You can select Add exception to configure Dynatrace to not consider such exceptions as failed request indicators. Additionally, you can define a string that must be found within an exception message for the exception to be ignored. If the HTTP response code for the same call shows an error, Dynatrace considers the request as failed. To consider a request successful regardless the HTTP error code or any other information, see Client abort exceptions.
Custom handled exceptions
There are situations in which application code handles exceptions gracefully in a manner that isn’t automatically detected by Dynatrace. When this happens, Dynatrace doesn’t detect failed requests or alert you to errors.
You can remedy such situations by specifying an exception class that should result in a failed request. Optionally, you can define a string that must be found in the exception message. If this string isn't found, the exception won't lead to a failed request.
If Dynatrace finds the defined exception (and the optionally-defined exception message) on a request, Dynatrace marks the request as failed.

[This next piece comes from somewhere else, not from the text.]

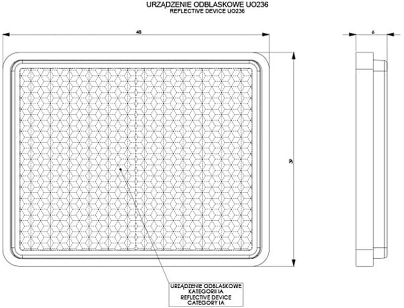 - Powierzchnia odblasku o wymiarach 38x47 mm
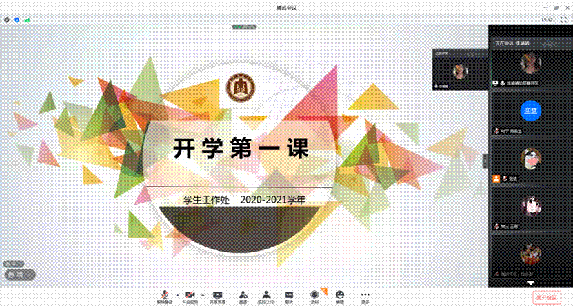 利用腾讯会议组织开展2020-2021学年“开学第一课”主题班会。辅导员李爱国、颜冲、李靖靖分别主持班会,全体同学参加。

Note that this doesn't work if you exclude the exception class from capture in Deep process monitoring settings.
Ignore all exceptions
When Ignore all exceptions is enabled, Dynatrace ignores Success forcing exceptions, Ignored Exceptions and Custom handled exceptions for the services to which the parameters apply—the specific service if the switch is enabled on the service-level or the services that match the global rule. Because exceptions are still tracked, they appear in distributed traces, but you don't receive alerts for them and requests aren't labeled as failed.
Custom errors via request attributes
Custom error situations might be triggered by exceptions, but some are detectable only via a return value or other means. To support such cases, you can define a request attribute that captures the required data. You can then define a custom error rule based on the request attribute that checks the value of the request attribute to determine if the request has failed or not.Example: Use request attributes to detect business logic-related errors
Requests might fail for reasons related to business logic. These situations often aren’t detectable via exceptions or HTTP response codes. Nevertheless, they are indicative of problems and might be even more important than situations detected via exceptions and response codes. For example, you might have a business function in your Java code that indicates an error via a return value or you might have your own error-handling functionality that, when called, indicates a functional business error.
Such situations can be captured via request attributes, which you can use as indicators for error situations.
To create a custom error rule
- In the Dynatrace menu, select Services.
- Select the service for which you need to adapt failure detection.
- Go to > Settings.
- Select Failure detection > General parameters
- Under Custom error rules, select Add custom error rule.
- Select a request attribute from the displayed list.
Note: listed attributes might not be available for the selected service.
- Define a condition for the rule, such as contains and a value.
In the example below, a value of
Amount of recommendationsattribute indicates an error. Following this rule, if Dynatrace detects such an error, it will mark the respective service request as failed and explain that the rule match is the reason for the failure.
Span failure detection is specific to OpenTelemetry. Dynatrace by default detects span failures, but there are specific cases in which you might want to change these settings. To ignore span failure detection, turn on Ignore span failure detection.
On the service level, you can visualize the Schema ID by selecting > Schema info in the upper-right corner of the HTTP parameters or General parameters page.